Some of the additional data management planning resources include: a primer for best practices, a database for best practices in data management, educational modules and tutorials, webinars, and an investigator toolkit.
These have been used or adapted for use under Creative Commons license by organizations and institutions that seek to educate other communities about data and research management. Understanding different audiences of users led to the development of possible user personas as models for users such as early-career researchers, science data librarians, citizen scientists or K-12 educators.

==Collaborations==

DataONE collaborates with other institutions to bring together tools that help with data management practices.
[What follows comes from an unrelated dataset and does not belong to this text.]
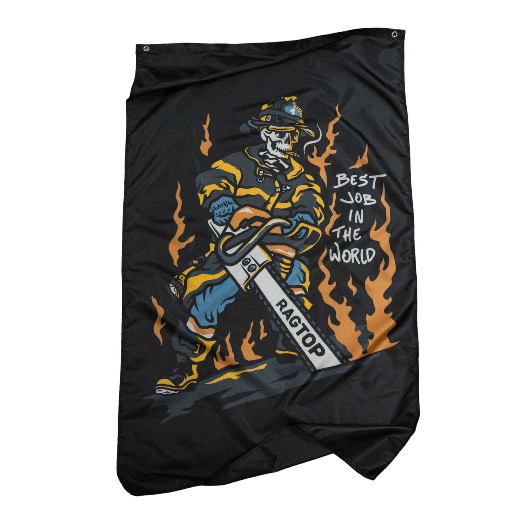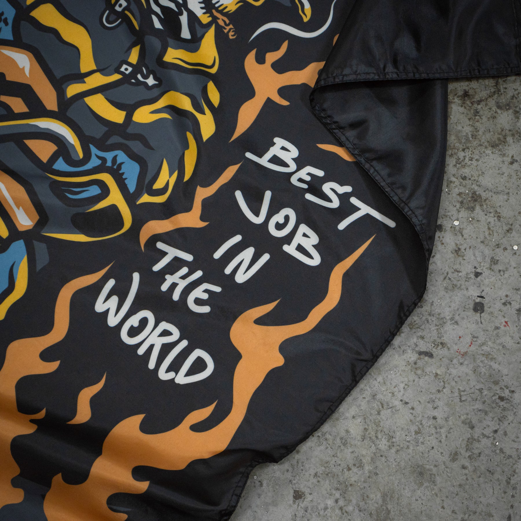 Our Best Job In The World design printed on a 3' x 5' polyester flag. Perfect to hang up in the firehouse, bar, or in the man-cave.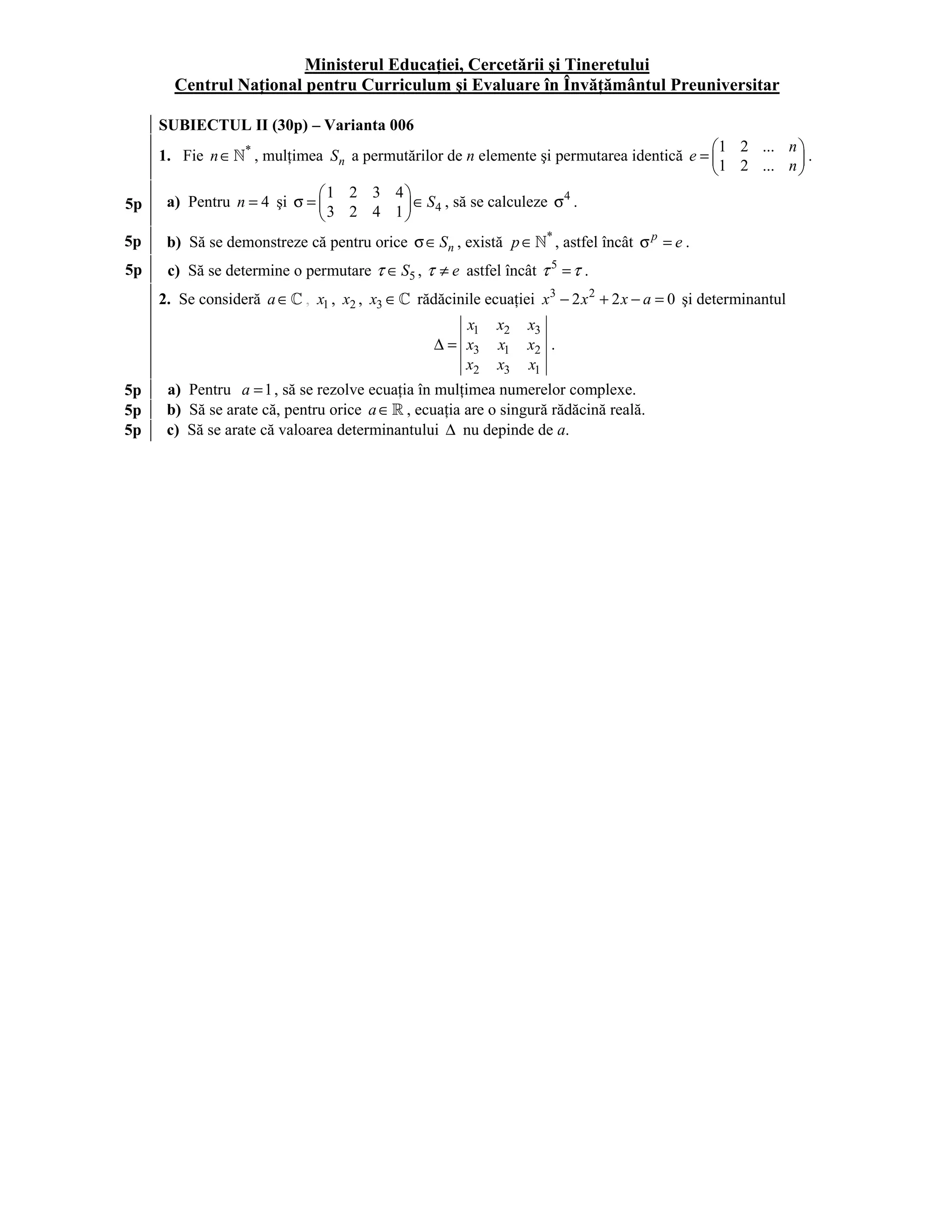Documentul abordează teme de matematică avansată, inclusiv permutări și ecuații polinomiale. Se discută permutarea identică și se propun exerciții pentru calcularea și demonstrerea proprietăților permutărilor. De asemenea, documentul analizează un polinom cubic și determinanți, evidențiind soluțiile și caracteristicile acestora.

One of those tools, developed in collaboration with other organizations and hosted by the University of California Digital Curation Center, is the DMPTool for data management planning. The DMP Tool is used by and referenced by many research data management plans and institutions in the US and around the world. Another recent collaboration in this area is the shared construction of a Data Management Training Clearinghouse for Earth sciences, in partnership with USGS and the Community for Data Integration (CDI).

==Community==
The DataONE community includes research networks, professional societies, libraries, academic institutions, data centers, data repositories, environmental observatory networks, educators, scientists, policy makers, administrators, citizen scientists, international organizations, NGOs, ecosystem managers, students, private companies and the public.
DataONE has a users group that meets yearly to provide feedback.